The danger is NOT from your neighbors. Seriously. Continue to reach out to them. Best wishes.

 

Would you mind clarifying what you mean by your reply?  Where is the danger coming from? 

I was leaving out details, but perhaps I was too vague.  I have a neighbor whose son is selling flags with machine guns, Thin Blue Line flags, and flags with political figures in front of the flag with fire and guns, on a corner of our street.  He and others in the neighborhood drive very fast up and down the road in front of our home, multiple times a day, with their flags flying from the back of their trucks.  We found a box of matches thrown by our fruit trees in the front yard.  My husband found a large razor blade in his tire.

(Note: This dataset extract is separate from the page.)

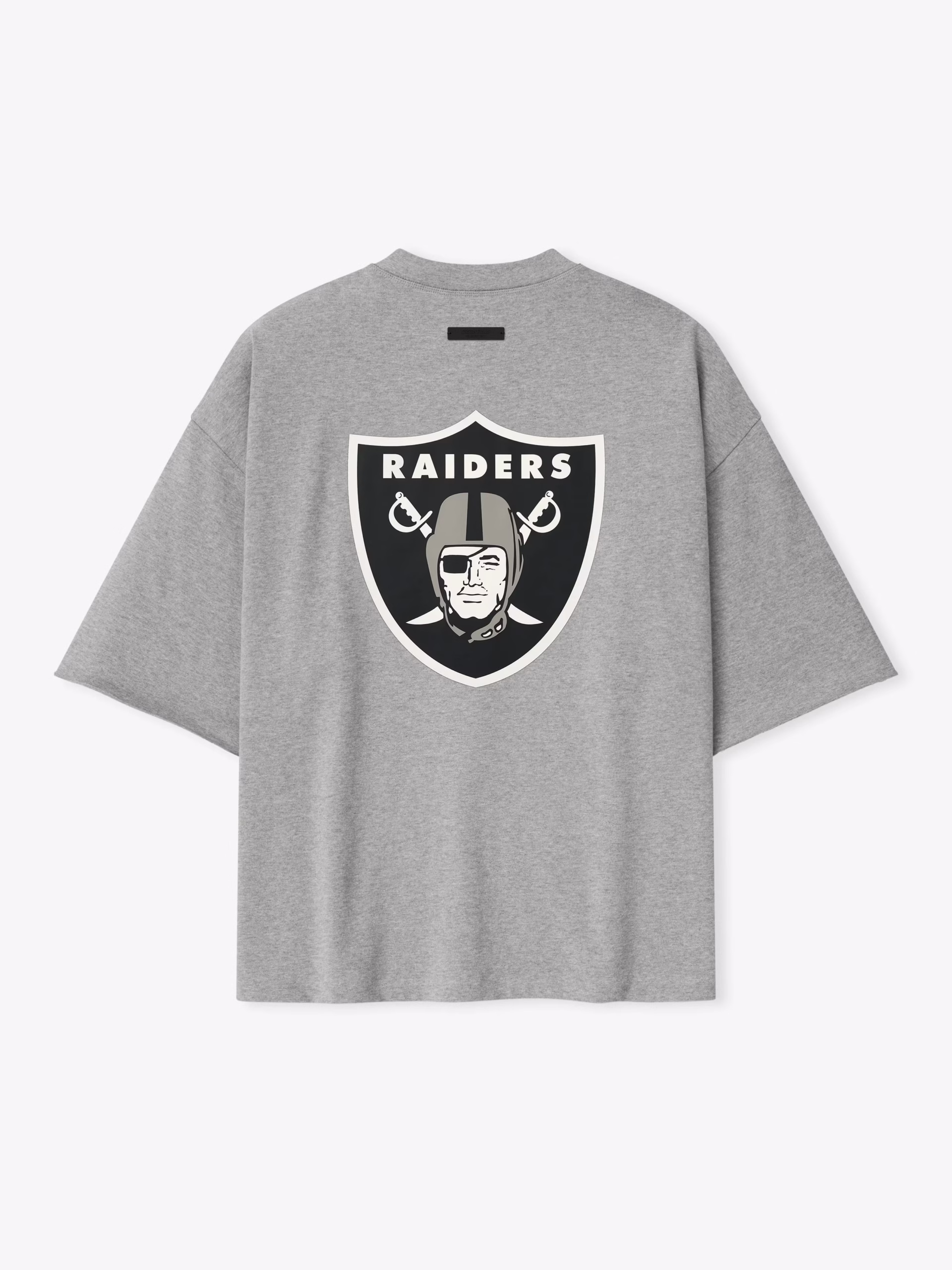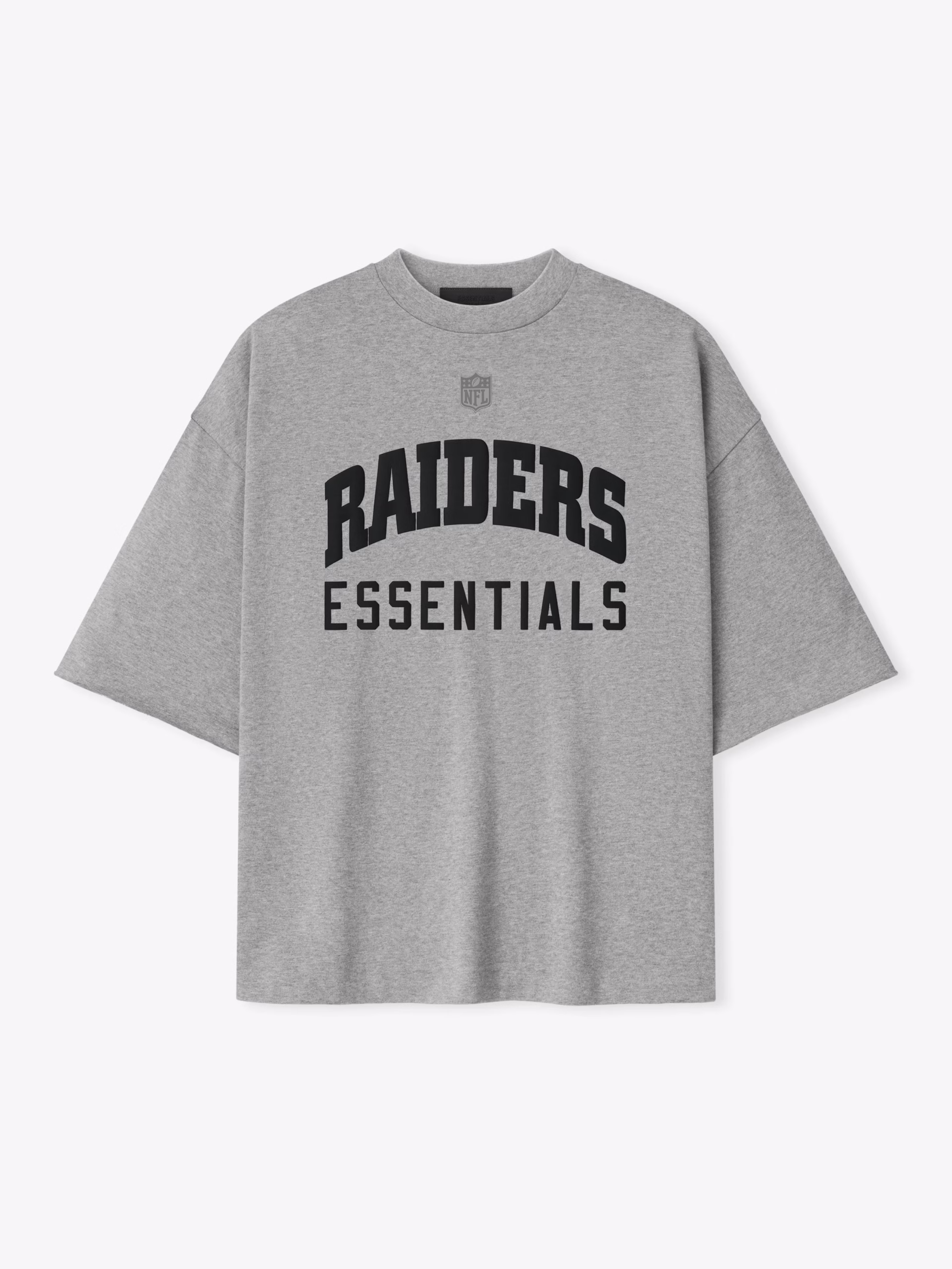 The Raiders Sport 3/4 Sleeve Football Tee is crafted from heavy 100% cotton jersey and designed in an extra-oversized fit with proportions inspired by 90s throwback football jerseys. The front features a bold "Raiders Essentials" puff-print graphic paired with the NFL shield, while the back displays the official Las Vegas Raiders logo. Additional details include rib-knit collar, and 3/4 sleeves with raw hemline. The look is finished with the signature rubberized Fear of God Essentials label.

Perhaps the current political climate has put me on edge, and these could all be coincidences.  Maybe they have always driven at warp speed, or maybe someone did accidentally drop their matches while driving by our property.  Years ago, I don't think I would have been paranoid about these things.  I'm trying to figure out why do I have these fears now?  What has changed in the last few years?

My Q-Anon neighbors don't want to talk with us anymore because we told them that what they were saying did not make any logical sense to us, and please provide proof.  I don't think we should go over there anymore anyway, since they keep a rifle by the front door at all times now.  Rifles are not very welcoming, lol.  These neighbors we the nicest church-going people we have ever met.  What has changed?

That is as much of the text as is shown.